Data extract
---

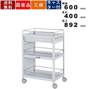 P-1404商品状態組立品仕様・特徴■便利なコボレ止め・キャビネット付きの3段コンビニワゴン(双輪キャスタータイプ)。キャスター付きなので、移動しながらの作業でも常に使いたい道具を手元に置くことが出来ます...
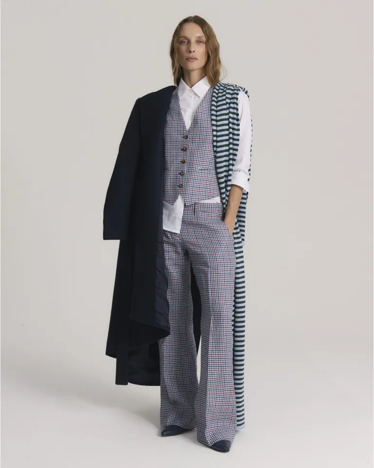 Pantalón sastrero de tiro bajo con diseño de cuadros y calce ajustado que se ensancha hacia la base. Presenta cintura plana con cierre, gancho y botón interno, complementado con bolsillos laterales y traseros tipo ojal. Una prenda versátil para un look sofisticado.
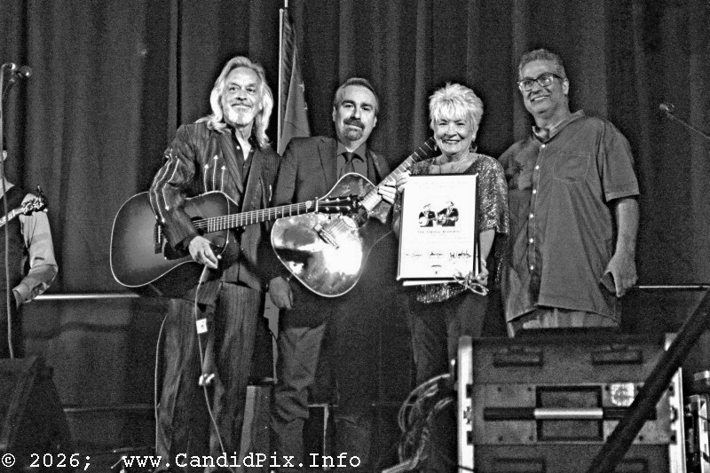 Ralph Stanley II then hosted the Stanley Brothers celebration. He gave a bit of the history of his dad and uncle and was joined by Jim Lauderdale, Lenny Centers, and Don Rigsby. They sang the songs of the Stanley Brothers. Jim Lauderdale, Ernie Evans, and Sherry Boyd presented the “Norman Adams League of Innovators” award in honor of the Stanley Brothers, and it was accepted by Ralph II.

---

Task objective
Every line above should be retyped exactly; the pictures do not belong in the copy.

Output below
 P-1404商品状態組立品仕様・特徴■便利なコボレ止め・キャビネット付きの3段コンビニワゴン(双輪キャスタータイプ)。キャスター付きなので、移動しながらの作業でも常に使いたい道具を手元に置くことが出来ます...
 Pantalón sastrero de tiro bajo con diseño de cuadros y calce ajustado que se ensancha hacia la base. Presenta cintura plana con cierre, gancho y botón interno, complementado con bolsillos laterales y traseros tipo ojal. Una prenda versátil para un look sofisticado.
 Ralph Stanley II then hosted the Stanley Brothers celebration. He gave a bit of the history of his dad and uncle and was joined by Jim Lauderdale, Lenny Centers, and Don Rigsby. They sang the songs of the Stanley Brothers. Jim Lauderdale, Ernie Evans, and Sherry Boyd presented the “Norman Adams League of Innovators” award in honor of the Stanley Brothers, and it was accepted by Ralph II.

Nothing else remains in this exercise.